• **TASK GOAL**
The answer should be an exact repeat of the stretch of material below from the line containing "김포효사랑주야간보호센터 3월 식단 및 간식표입니다." through the line containing "Pantalone con elastico".

• **INFORMATION PROVIDED**
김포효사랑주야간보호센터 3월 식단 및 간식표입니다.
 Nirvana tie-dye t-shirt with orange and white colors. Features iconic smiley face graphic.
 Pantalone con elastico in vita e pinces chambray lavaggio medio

==

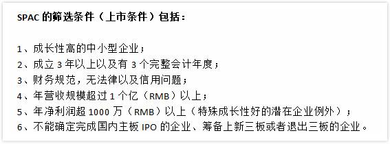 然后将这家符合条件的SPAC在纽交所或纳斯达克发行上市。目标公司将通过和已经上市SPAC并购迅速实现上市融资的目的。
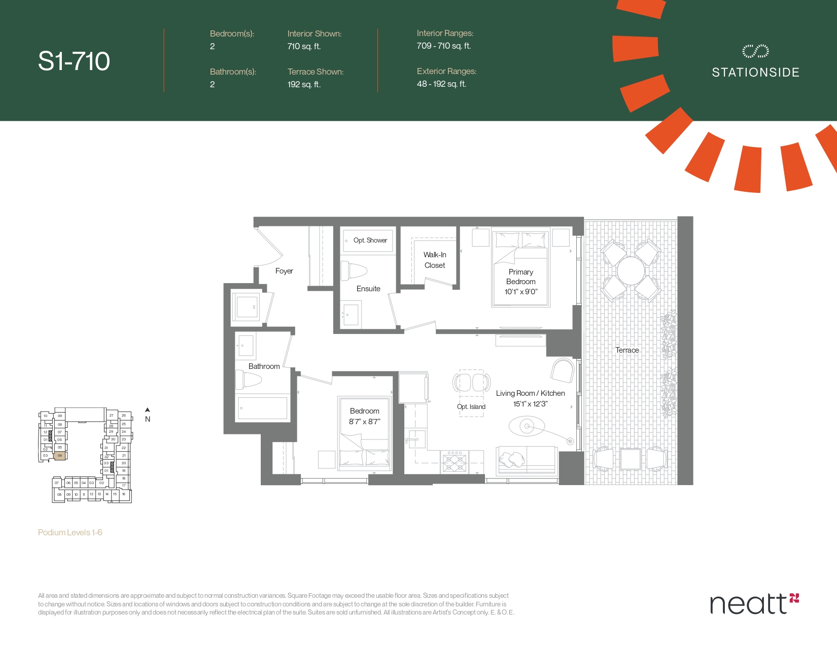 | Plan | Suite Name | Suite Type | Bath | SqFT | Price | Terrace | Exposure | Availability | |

--

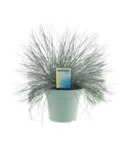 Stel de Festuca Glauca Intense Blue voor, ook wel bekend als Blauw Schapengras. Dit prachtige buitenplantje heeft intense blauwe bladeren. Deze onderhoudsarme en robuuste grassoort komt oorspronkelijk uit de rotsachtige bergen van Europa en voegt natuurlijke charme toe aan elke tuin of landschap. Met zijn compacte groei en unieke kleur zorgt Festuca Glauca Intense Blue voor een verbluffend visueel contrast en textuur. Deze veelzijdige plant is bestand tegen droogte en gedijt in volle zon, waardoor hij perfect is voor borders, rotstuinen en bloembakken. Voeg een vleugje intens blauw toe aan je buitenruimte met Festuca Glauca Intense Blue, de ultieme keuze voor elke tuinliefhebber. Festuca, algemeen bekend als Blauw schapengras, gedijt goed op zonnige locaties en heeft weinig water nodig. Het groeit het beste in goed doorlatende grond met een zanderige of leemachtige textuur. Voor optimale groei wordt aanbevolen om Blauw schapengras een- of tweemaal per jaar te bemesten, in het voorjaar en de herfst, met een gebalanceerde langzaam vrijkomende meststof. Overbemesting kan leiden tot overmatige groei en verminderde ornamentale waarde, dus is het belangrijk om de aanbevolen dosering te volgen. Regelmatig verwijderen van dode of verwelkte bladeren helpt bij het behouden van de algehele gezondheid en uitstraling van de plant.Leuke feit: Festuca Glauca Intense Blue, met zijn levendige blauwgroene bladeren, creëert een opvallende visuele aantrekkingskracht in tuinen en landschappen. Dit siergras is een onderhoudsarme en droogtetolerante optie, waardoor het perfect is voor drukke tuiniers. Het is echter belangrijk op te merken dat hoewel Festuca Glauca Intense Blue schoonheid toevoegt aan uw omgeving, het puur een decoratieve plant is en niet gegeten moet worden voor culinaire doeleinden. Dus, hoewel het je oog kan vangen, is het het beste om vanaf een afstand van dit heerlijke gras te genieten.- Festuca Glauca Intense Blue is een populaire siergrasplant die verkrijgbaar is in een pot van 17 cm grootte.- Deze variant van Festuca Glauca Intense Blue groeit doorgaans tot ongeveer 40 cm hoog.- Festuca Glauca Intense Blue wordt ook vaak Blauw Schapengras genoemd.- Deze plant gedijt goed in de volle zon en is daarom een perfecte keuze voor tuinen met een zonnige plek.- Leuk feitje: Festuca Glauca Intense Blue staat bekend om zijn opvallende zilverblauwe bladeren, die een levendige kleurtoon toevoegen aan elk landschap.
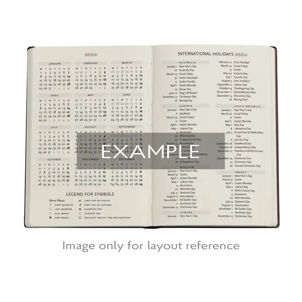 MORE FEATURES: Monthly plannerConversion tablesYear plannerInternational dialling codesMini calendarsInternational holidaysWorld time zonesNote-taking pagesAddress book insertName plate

• **WRITTEN ANSWER**
김포효사랑주야간보호센터 3월 식단 및 간식표입니다.
 Nirvana tie-dye t-shirt with orange and white colors. Features iconic smiley face graphic.
 Pantalone con elastico in vita e pinces chambray lavaggio medio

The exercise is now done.